Whatever criteria are used, the next task is to identify the procedural safeguards that should be employed in determining whether a detainee in fact satisfies them. Many believe that the government has held individuals in custody at Guantánamo and elsewhere based on little or no evidence. Responding to such concerns, Cole advocates a screening process in which the government must provide clear and convincing evidence (presumably to a judge), with the detainee represented by counsel and with the government barred from using “ex parte” evidence (that is, evidence shown only to the judge, but not the detainee or his counsel).
This raises two sets of issues. As an initial matter, the Supreme Court this past summer held in Boumediene v. Bush that federal judges can and must exercise judicial review over CSRT detention decisions. Do we need further reform? We certainly do in the sense that it is the responsibility of Congress to flesh out and make uniform, within constitutional bounds, the procedural safeguards to be employed during habeas review. But it does not follow that Congress should follow all of Cole’s particular prescriptions. Lacking legislative direction, for example, the district judges carrying out habeas review in recent weeks have settled on a “preponderance of the evidence” standard. Cole calls for raising that standard to the “clear and convincing evidence” level, but it is not clear that it would be wise to impose a stricter evidentiary burden. Applying the “mere” preponderance standard, the first federal judge to render a decision on a habeas petition since the Supreme Court’s ruling in Boumediene—a Bush appointee, notably—recently held that the government lacked sufficient evidence to justify the detention of five out of six detainees whose status was at issue (including Mr. Boumediene himself). This suggests that the current standard has ample teeth.

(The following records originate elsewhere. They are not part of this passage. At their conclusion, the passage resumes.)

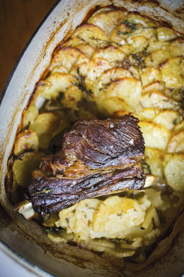 Ingrédients (pour 4 personnes) : 1 kg de pommes de terre (à chair ferme) 1,8 kg de plat de côtes 3-4 feuilles de laurier, 1 gousse d’ail, 1 bouquet de thym frais. Noix de muscade. Sel marin (ou de Maldon). Poivre du moulin. Beurre. Vinaigre de riz. Sauce soja.
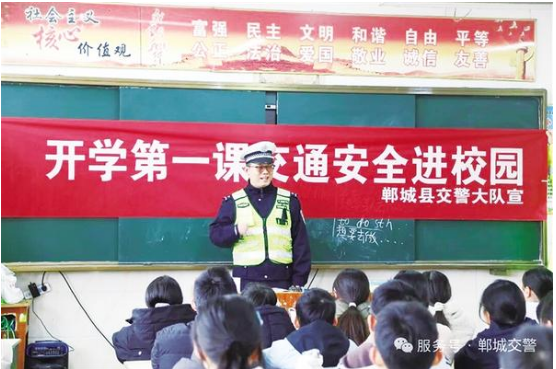 3月5日,民警為師生講解交通安全常識(shí)。當(dāng)日,鄲城縣公安局交通管理大隊(duì)宣傳小分隊(duì)走進(jìn)轄區(qū)第三實(shí)驗(yàn)小學(xué),為全校師生送上了一堂生動(dòng)有趣的交通安全“開學(xué)第一課”,切實(shí)增強(qiáng)學(xué)生的交通安全意識(shí)和自我防護(hù)能力,為校園周邊道路交通安全筑牢防線。
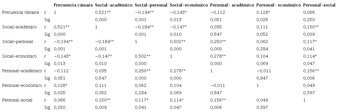 Por otra parte, en relación con la segunda pregunta de investigación, las razones aducidas por los estudiantes parecen quedar explicadas por los factores “social-académico” (importancia atribuida por el alumnado a la generación de presencia social en el aula), “social-personal” (importancia atribuida a la imagen personal proyectada ante el resto de estudiantes), “social-económico” (importancia atribuida a los recursos proyectados ante el resto de estudiantes), “personal-académico” (importancia atribuida por el alumnado al uso de la cámara sobre la calificación académica), “personal-económico” (importancia de los recursos de conexión disponibles a la hora de conectar o no la cámara) y “personal-social” (importancia atribuida a la voluntad de mostrarse ante el alumnado atendiendo a cuestiones meramente personales). De hecho, salvo esta última, todas las dimensiones mostraron correlación significativa con la frecuencia de uso de las cámaras web.
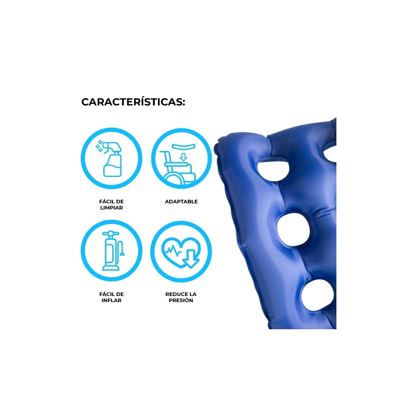 Si votre famille ou votre cabinet médical compte un patient immobile, une personne âgée à mobilité réduite ou une personne âgée qui passe de longues périodes en position assise ou dans une seule position, ce siège gonflable peut être l'article orthopédique qui les aidera à éviter et à diminuer l'inconfort en apportant un soulagement, un soutien et un bien-être aux personnes qui ont subi une chirurgie des hémorroïdes, qui sont alitées pendant de longues périodes ou qui sont en post-partum.
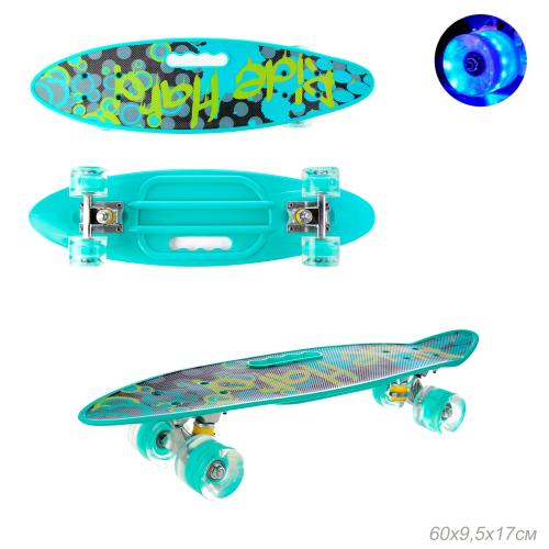 Стильный дизайн подчеркивает индивидуальность райдера. Отличительной чертой этого скейта являются светящиеся при езде колеса. Подойдет как для начинающих райдеров, так и уже опытным скейтерам. Нескользящая опорная поверхность с яркими граффити принтами.
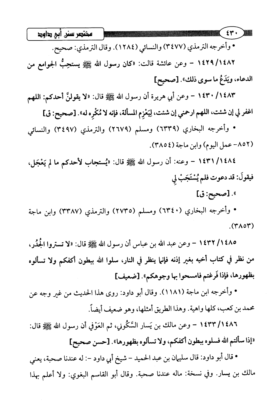 1486/ 1433 - وعن مالك بن يَسار السَّكُوني، ثم العَوْفي أن رسول اللَّه -صلى اللَّه عليه وسلم- قال: "إذا سألتم اللَّه فسلوه ببطون أكفكم، ولا تسألوه بظهورها".hحسن صحيح]
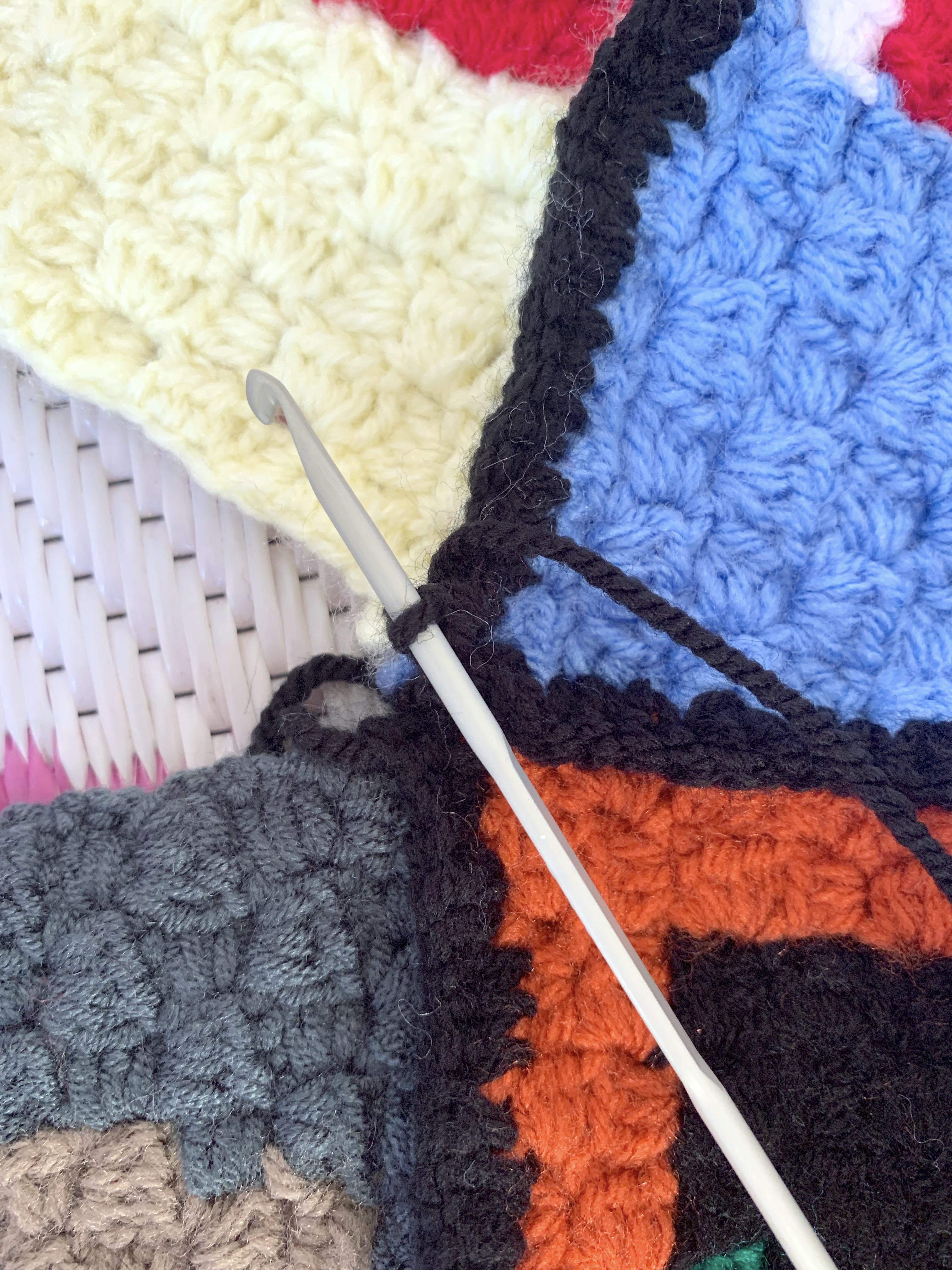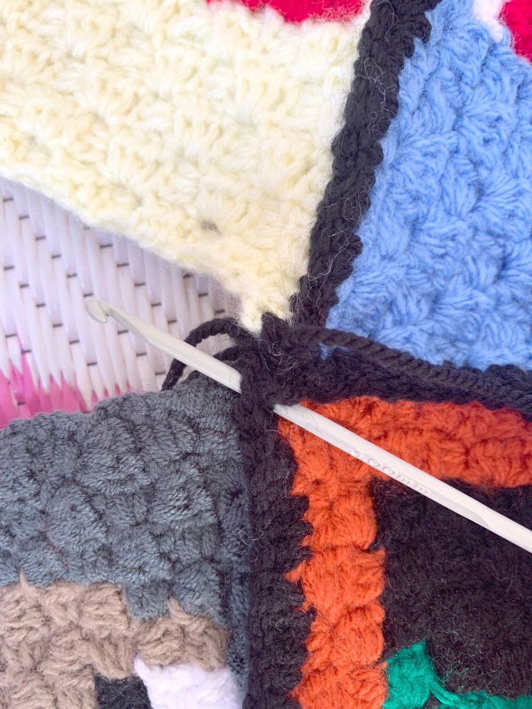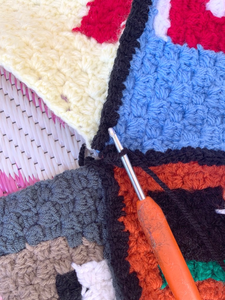 - Take two of the blocks, place wrong sides together and complete sc stitches down the right hand side through both of the pieces side to join:

Of course, not all military detainees are held at Guantánamo. Today, the majority are held in Afghanistan and Iraq, having been captured in those zones. No federal judge has ever asserted habeas jurisdiction over those detainees, and, though some such attempts are pending at the moment, it is not at all clear that they will succeed. Cole’s model would produce a sea change if applied in that setting. Would such a change be desirable as a policy matter, even if not legally compelled? In accordance with counterinsurgency doctrine, some such steps might be in order; the United States would be wise to consider any measures that would enhance the perceived fairness of its detention practices without unduly compromising safety. Whether such measures should involve review by a federal judge, however, let alone the degree of judicial review contemplated in Cole’s model, is not obvious.
We need to find a way to address serious and legitimate security concerns without the overkill of a general system of preventive detention for suspected terrorists.